Stop jading new freshmen about Tech

The summer students at Tech are comprised of two very different groups of students.

The majority of them are returning students, enrolled in summer classes due to the impossibility of graduating in a mere 8 semesters.

The summer is, for most of us, a desperate bid to get out of Tech before our high school classmates have finished with their graduate degrees.

In a few short days though, these seasoned veterans of Tech education will be joined by a new group, the summer-start freshman class of 2014 (or 2015, or 2016).

These are students who were so excited about the chance of attending Tech, that they sacrificed their last truly free summer in order to attend intensive classes.

They chose to enroll early at this school, the same school that fills the Slivers section with curses every week, the same school that drives us all to multiple all-nighters in the same week, the same school that we all want out of so badly.

The discrepancy of viewpoints here cannot be over-stated. These incoming freshmen are enduring extra time on campus as a prerequisite to attending in the fall.

They are choosing summer on a half-dead campus over a summer with their friends and fall at any number of other schools. They want to be here.

And yet, within the course of one short year, most of them will transform into the same jaded, graduation-obsessed upperclassmen who will begrudgingly share the campus with them this summer.

Why the shift? What is it about Tech that makes people so excited to come here, and why isn’t the attraction permanent?

My theory is that the Tech-is-an-obligation attitude is inherited. I think that each incoming class does not independently develop negative feelings about Tech.

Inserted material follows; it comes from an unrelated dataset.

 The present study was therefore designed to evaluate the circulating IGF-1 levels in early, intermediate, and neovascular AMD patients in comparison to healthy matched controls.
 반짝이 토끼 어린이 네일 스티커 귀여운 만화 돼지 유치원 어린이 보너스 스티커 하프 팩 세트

I think that older students, TAs and even professors convince them that Tech is a thing to resent rather than enjoy.

I am not talking about small, subtle things like extra homework or ridiculous exams. Tech is an academically rigorous school, but it is not the hardest in the world, and students at many other prestigious schools report much higher levels of happiness with their college experience.

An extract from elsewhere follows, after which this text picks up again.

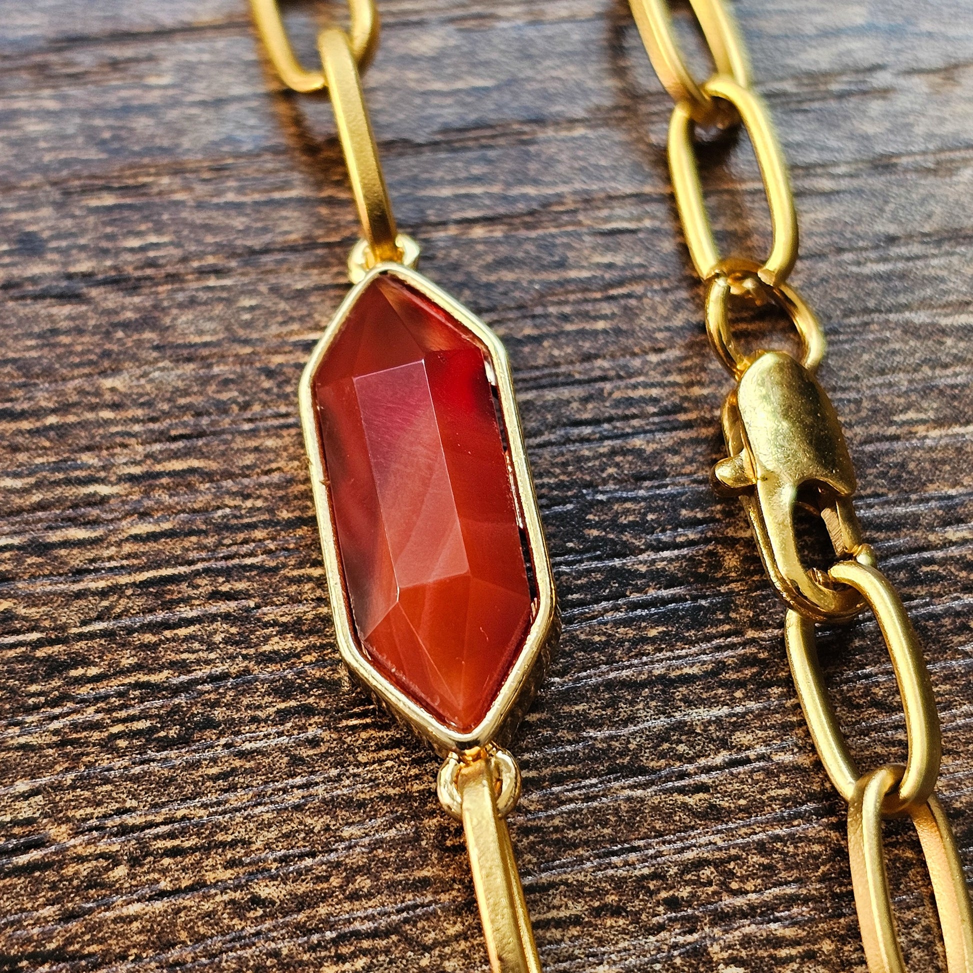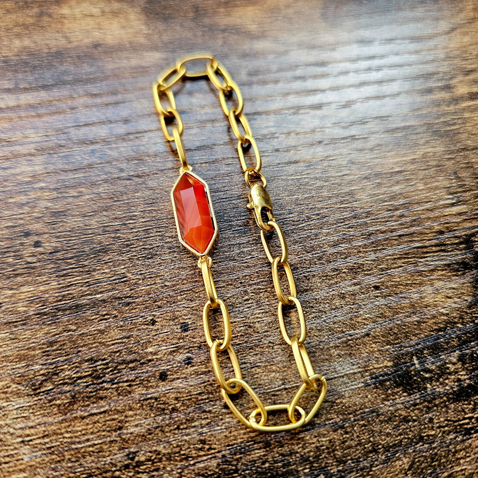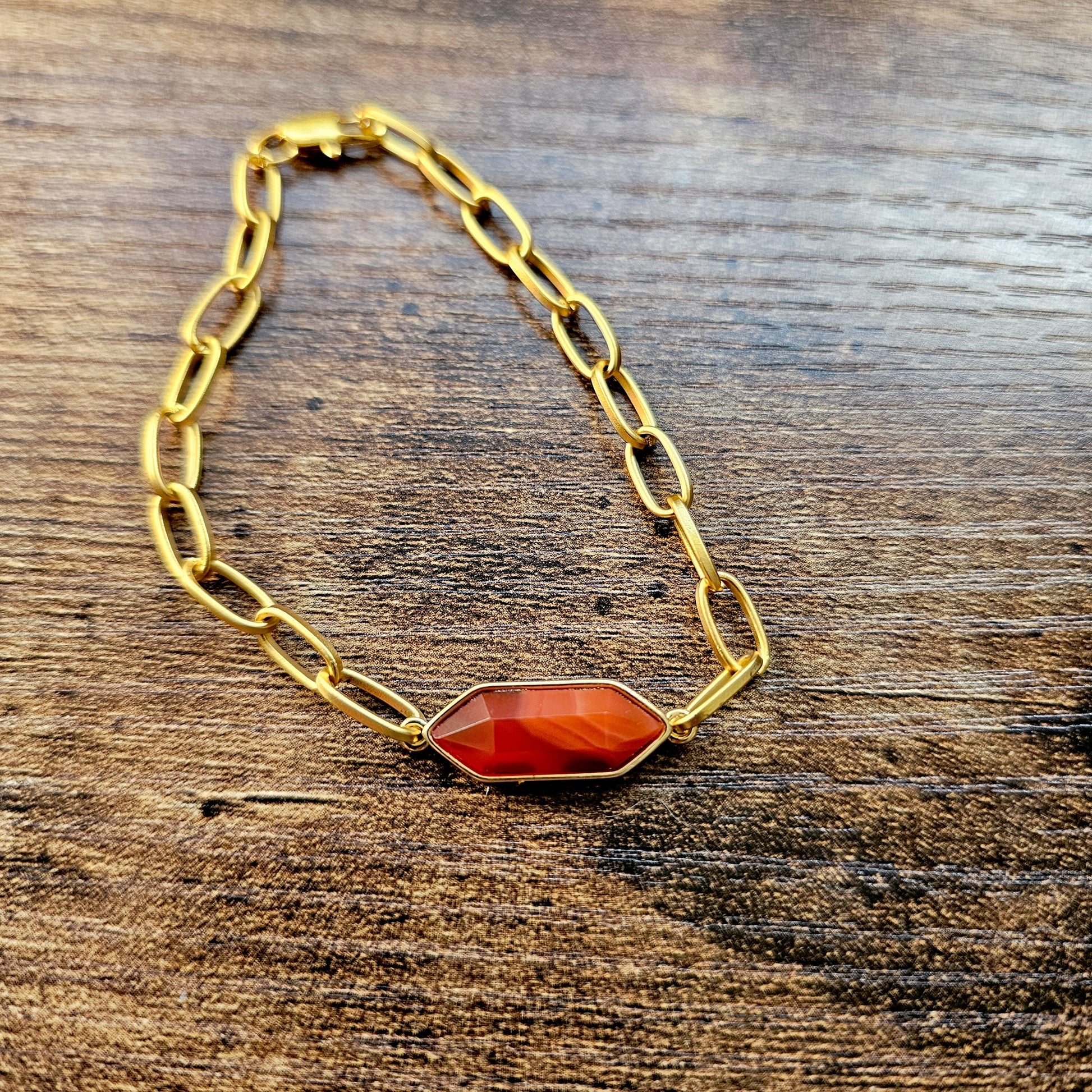 This beautiful carnelian 22kt Overlay Bracelet features a faceted stone that catches the light beautifully. The design is timeless elegance. The size is a comfortable standard 7.5-inch fit. Use for everyday wear or special occasions. It is definitely a versatile piece that brings both style and substance to your jewelry collection.
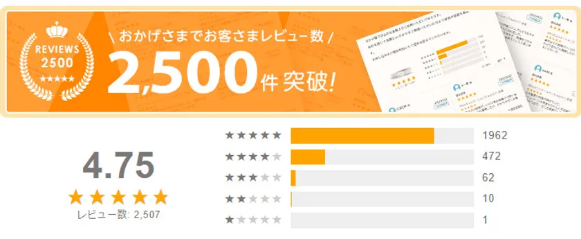 おかげさまでお客様レビュー2,500件突破★★★★★

When I speak of anti-Tech attitude I mean science professors who tell you on the first day that two of the three people sitting near you will not make it to graduation, knowing full well that those statistics are wrong, or upperclassmen who talk of nothing but getting out, all the while preparing their graduate school applications for extended education. I mean teaching assistants who intentionally scare students out of classes.

Even good students who find friends quickly have a hard time surrounded by an environment that so prides itself on being inhospitable. So I propose a campus-wide experiment.

This summer and fall, when you meet a new freshman, instead of getting into a proverbial pissing contest about how difficult Tech was for you, and how ridiculous it will be for them, try acting like you enjoyed the four, five or seven years that you chose to spend here.

Try mentioning good things about going to one of the best, most affordable schools in the nation. If all else fails, mention how great it is to have a good football season to look forward to.

Maybe I will be wrong. Maybe even the best efforts of every member of campus at positive reinforcement still won’t save the freshman class from hating their time here.

Maybe the majority of them will spend their time cursing the major that they refuse to switch out of, or the schedule that they arranged for themselves.

I hope not though.

Our school would benefit from a class, ideally a campus, full of students who actively enjoy their time here, who feel they are part of a community that they have chosen to join.

Tech has already mastered the art of turning out well-trained professionals, but in order to compete with other top-tier schools we must improve our reputation for overall campus experience.

Tech attendance shouldn’t just be an academic goal or some sort of merit badge for a trial well endured.

The diploma that the class of 2014 receives (whenever they do it) should be a sign of four years well spent, something that they remember fondly, rather than look back on with relief.